Wednesday, December 3, 2008

New study confirms: bias in the publication of drug trials is widespread

In its landmark lawsuit against GlaxoSmithKline, the New York State Attorney General accused the pharmaceutical giant of consumer fraud for not publishing negative findings about its antidepressant, Paxil, in essence, for not giving doctors and consumers the full story about its blockbuster drug.

Now comes a new study showing that the practice of selectively publishing only positive results and suppressing negative findings is an industry-wide habit. In a study published last week in PLoS Medicine, researchers at the University of California San Francisco discovered that only three-quarters of the randomized drug trials submitted for New Drug Applications (NDAs) between 2001 and 2002 were eventually published. Even more worrisome, trials with favorable outcomes were nearly five times more likely to be published than those with negative outcomes.

Furthermore, the researchers found evidence that primary outcomes were changed between the time the results were submitted to the FDA as NDAs and the time the studies were published. And when that happened, the results were invariably altered to favor the test drug, the researchers found.

These findings demonstrate that "the information that is readily available in the scientific literature to health care professionals is incomplete and potentially biased," the UCSF researchers conclude.

In an accompanying editorial, a scientist for the Mayo Clinic who previously worked with the World Health Organization's International Clinical Trials Registry Platform, agreed that the "trial literature is biased" and declared that the "the time has come to tackle the challenge of making key trial documents public."

Fortunately, drug companies are now required by law to post the results of all their clinical trials, negative as well as positive, on a publicly available website. And the fact that the leading medical journals now require pretrial registration -- i.e. researchers must post their trial protocols on a public website -- should help cut down on the tendency to change primary outcome measures to favor drug results.

However, drug company-sponsored researchers still don't have to publish the results of all randomized drug trials in medical journals. And since that is where doctors and consumers get most of their information, the full story about the safety and effectiveness of new drugs remains untold.


Anonymous said...

Alison, I started Side Effects a few days ago. I'm only up to page 56. Besides the information and subject matter, it's extremely well-written, easy to follow (especially for a guy like me who often finds it difficult to concentrate).

The first time I went to get treated, circa 1992, I took the MMPI, and shortly after was prescribed Prozac and Stelazine. It was a decade later, when I had Internet, that I learned Stelazine was primarily used to treat psychosis. I had never been diagnosed as being psychotic. A secondary use of Stelazine is for anxiety. That’s why it was given to me. But what I learned about Stelazine is that it’s typically used for anxiety only after other tranquilizers have failed. As I indicated, this was my first time seeking treatment for my depression and anxiety. No other tranks had been tried on me. Stelazine is one of those nasty old drugs that can cause tardive dyskinesia, a long-term, permanent side effect.

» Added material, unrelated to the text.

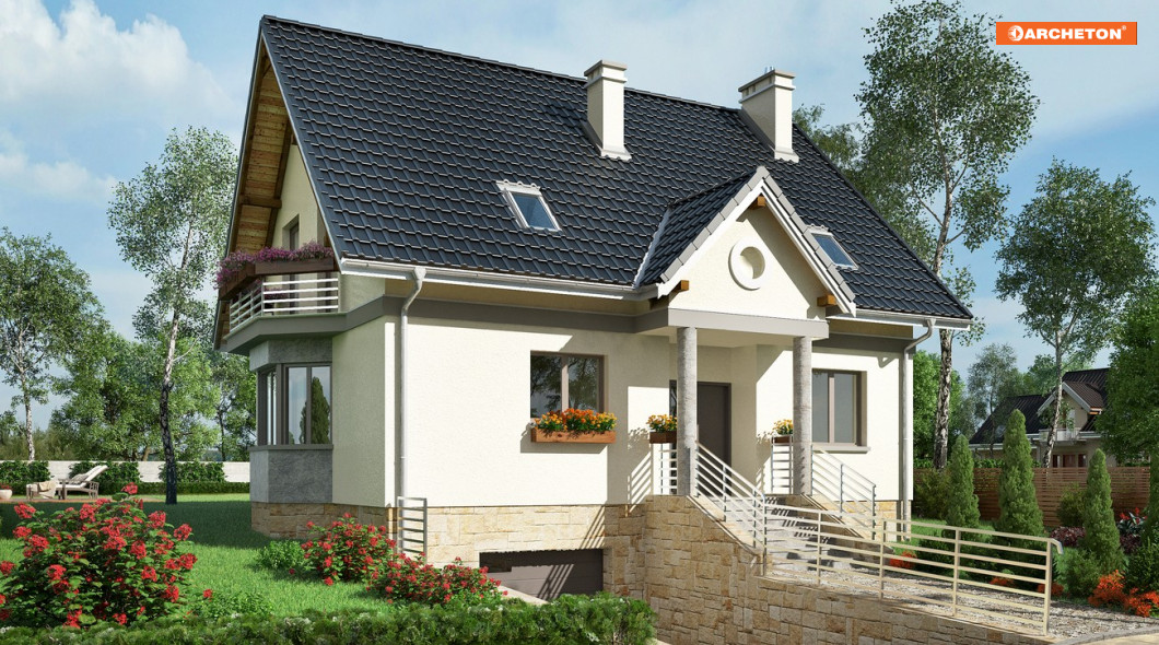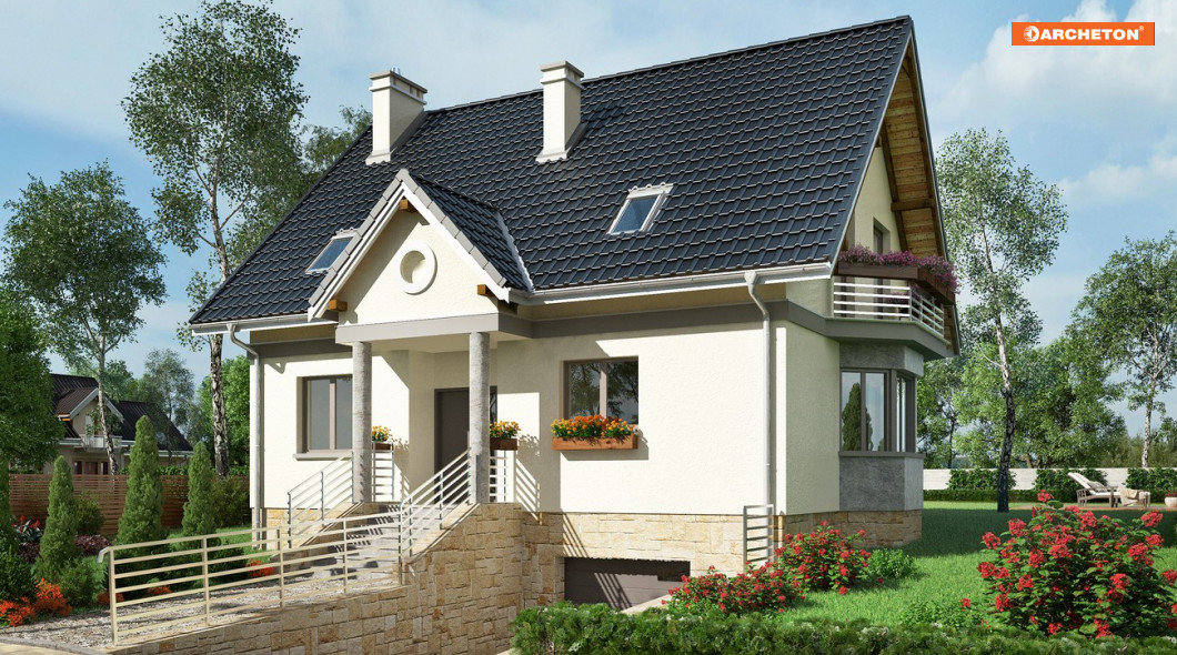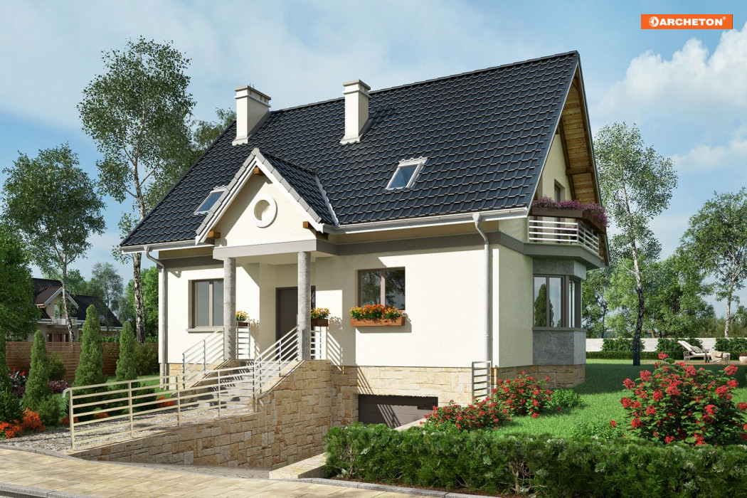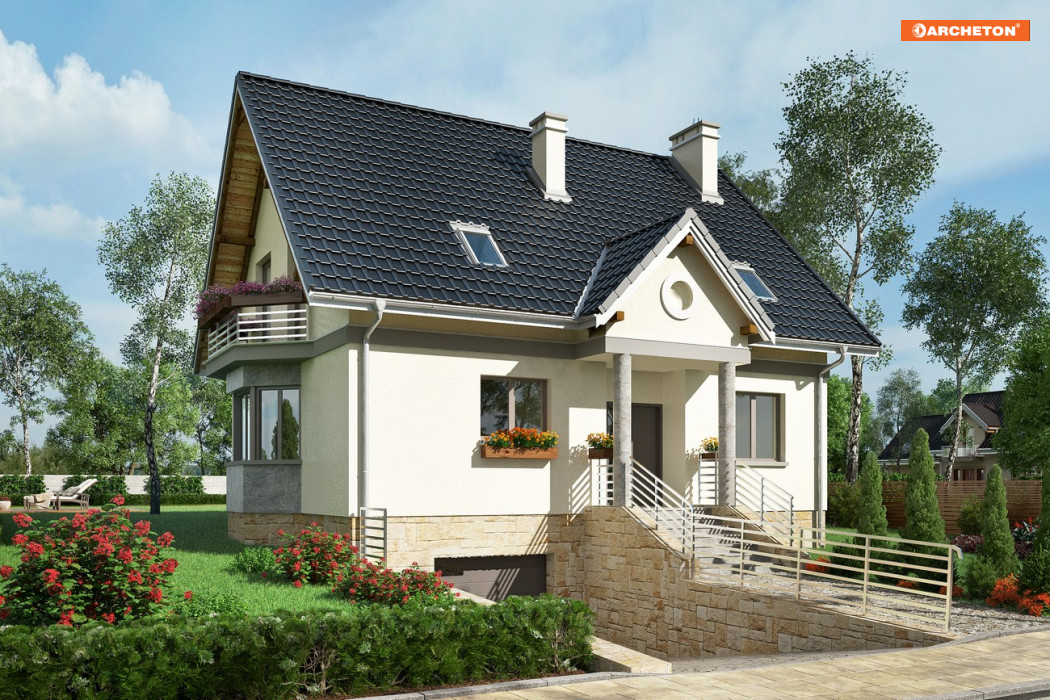 Do Rodziny Sonii należą projekty małych domów parterowych z użytkowym poddaszem i z garażem, na rzucie zwartego prostokąta. Całą rodzinę wyróżniają dwa detale architektoniczne: wejściowy ganek, najczęściej z daszkiem na słupkach lub kolumnach oraz ryzalit na planie ośmiokąta z jadalnią, zwieńczony balkonem w jednej ze ścian bocznych. Szczególną cechą projektu domu Sonia Midi (i także podpiwniczonej, choć sporo mniejszej Sonii Mini) jest rzadko spotykany układ funkcjonalny parteru. Oprócz całkowicie otwartej kuchni i salonu z kominkiem, przewiduje on aż dwa dodatkowe, niewielkie pokoje z łazienką. Oddzielono je od strefy dziennej traktem wejścia frontowego i komunikacji. Bardziej prywatną strefę nocną zaprojektowano podobnie we wszystkich pozostałych wersjach rodziny: z dużą łazienką i z garderobą na drugiej kondygnacji pod dwuspadowym dachem. Sypialnie doświetlono ekonomicznie i energooszczędnie – bez użycia lukarn. Projekt domu Sonia Midi ma garaż, dużą kotłownię i pomieszczenia gospodarcze w zajmującej pełen plan budynku piwnicy. Od projektu Sonia Midi Lux odróżnia go jedynie rodzaj betonu komórkowego użytego na ściany.

After reading in Side Effects how the time of my treatment coincided with negative information leaking about Prozac, I wonder if they didn’t just start me on a powerful anti-psychotic to prevent any “problems.”

It's speculation of course, I have no proof, but I can't help wonder.

I finally got off Stelazine 5 years ago. While I was on it, I’d be in bed 10 to 12 hours a day. Now I sleep an average of 7 hours a night. Often I need a nap during the day. I seem to get tired at certain times of the day, but if I stay up, the drowsiness goes away and I can continue on with my day with a sufficient energy level.

And every p-doc I saw while I was on Stelazine thought my excessive sleeping was due to my depression.

I've been on several other medications, but I'm keeping this to one in particular.

Unknown said...

Yes, it takes some digging to find the Canadian drug trial reporting joint pain as a side effect of Januvia, but not much effort to find multiple reports by consumers online that they are experiencing severe, unrelenting joint pain after starting this drug. Join pain, though, is not listed as a side effect in prescribing information, so those who are suffering from it are assured by their physicians that it's not related to the drug.

How long will it take before the FDA reports this and takes action?